Search code examples
pythonscikit-learnk-means

Kmean get good group separation


I have a basic code for use Kmeans with sklearn

    scaled = MinMaxScaler().fit_transform(points)

    kmeans = KMeans(n_clusters=nb_clusters) # , random_state=42 , init='random', algorithm='elkan'
    kmeans.fit(scaled)
    labels = kmeans.labels_
    centroids = kmeans.cluster_centers_

But i don't success to have my two groups well separated enter image description here

Does someone know what's wrong or what is lacking please ?

Thank you in advance.


Solution

  • The k-means algorithm is based on the assumption of spherically shaped clusters with a common diameter, e. g. isotropic Gaussian-distributed clusters. Your data does not fit this assumption.

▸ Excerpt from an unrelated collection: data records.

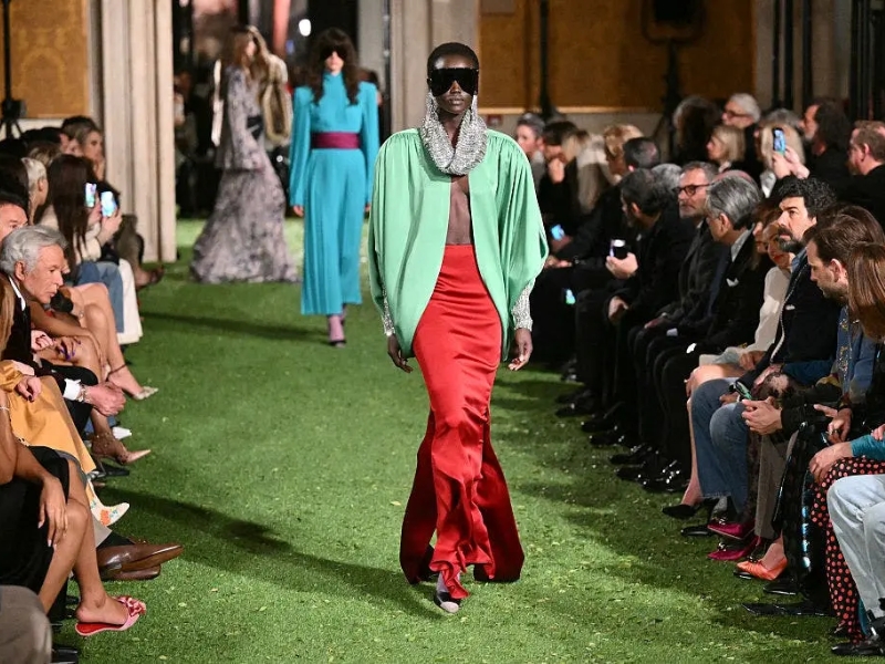 Buổi trình diễn kết thúc bằng một diện mạo mang tính biểu tượng: chiếc đầm đỏ hở lưng, điểm xuyết một sợi dây chuyền vàng mảnh mai chạy dọc theo sống lưng. Thiết kế này là sự tôn vinh về mặt kỹ thuật lẫn cảm xúc đối với màu đỏ Valentino- màu sắc từ lâu đã định hình bản sắc của thương hiệu Ý. Đối với Alessandro Michele, màu đỏ là một màu sắc hấp dẫn nhưng cũng rất phức tạp để tạo kiểu với nó. Điều thú vị là nó làm anh nhớ đến chiếc áo sơ mi đỏ unisex thắt nơ đã đánh dấu cho buổi trình diễn đầu tiên của anh tại Gucci.
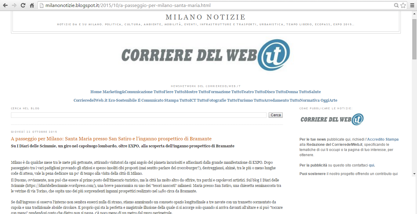 I Diari delle Scimmie su Milano Notizie del 22 ottobre
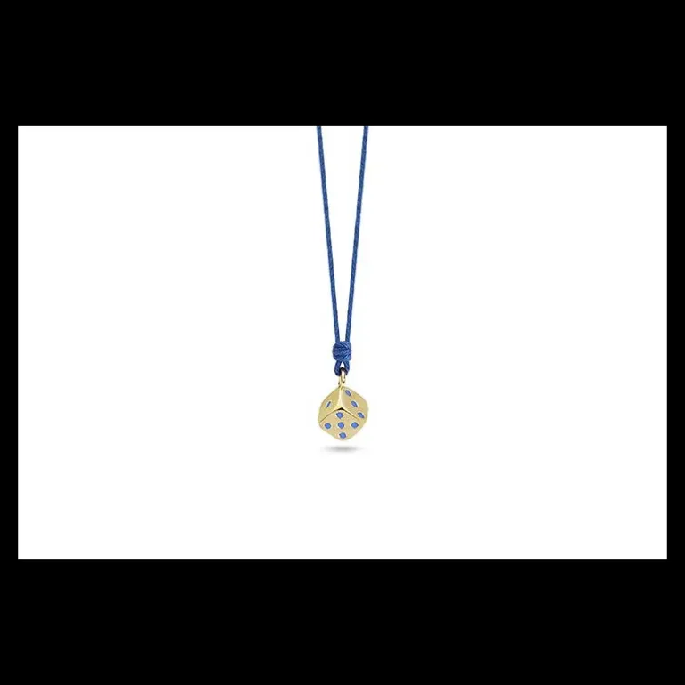 Pendente in Argento 925. “Giocare” è il verbo preferito di tutti i bimbi del mondo. Il nostro dado in argento 925 color blu e oro è un dono speciale per celebrarne l’importanza e la bellezza. Con chiusura di sicurezza e regolabile in base alla dimensione del collo dei bimbi.
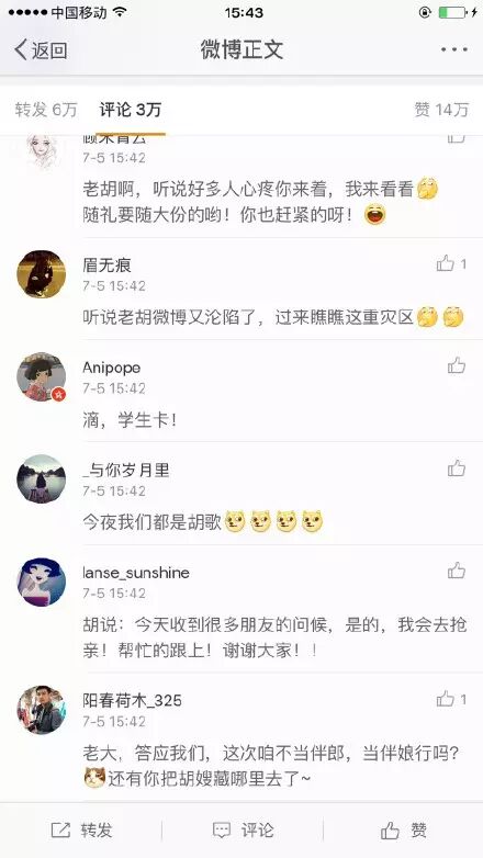 所以老干部一发出将要结婚的消息,胡歌微博立马被攻陷了...

    First you should plot your data with a 1:1 aspect ratio to better understand what is going on. You will see that the separation of your two groups circled in blue is smaller as compared to their spread in y-direction.

    Second, you should observe that the group to the right includes much, much less data points as compared to the group on the left. To the algorithm, the points on the right are mere outliers of the distribution it tries to model.

    To sum it up, k-means is probably not a good fit for your data. Mean shift, although maybe overkill, should be a much better fit.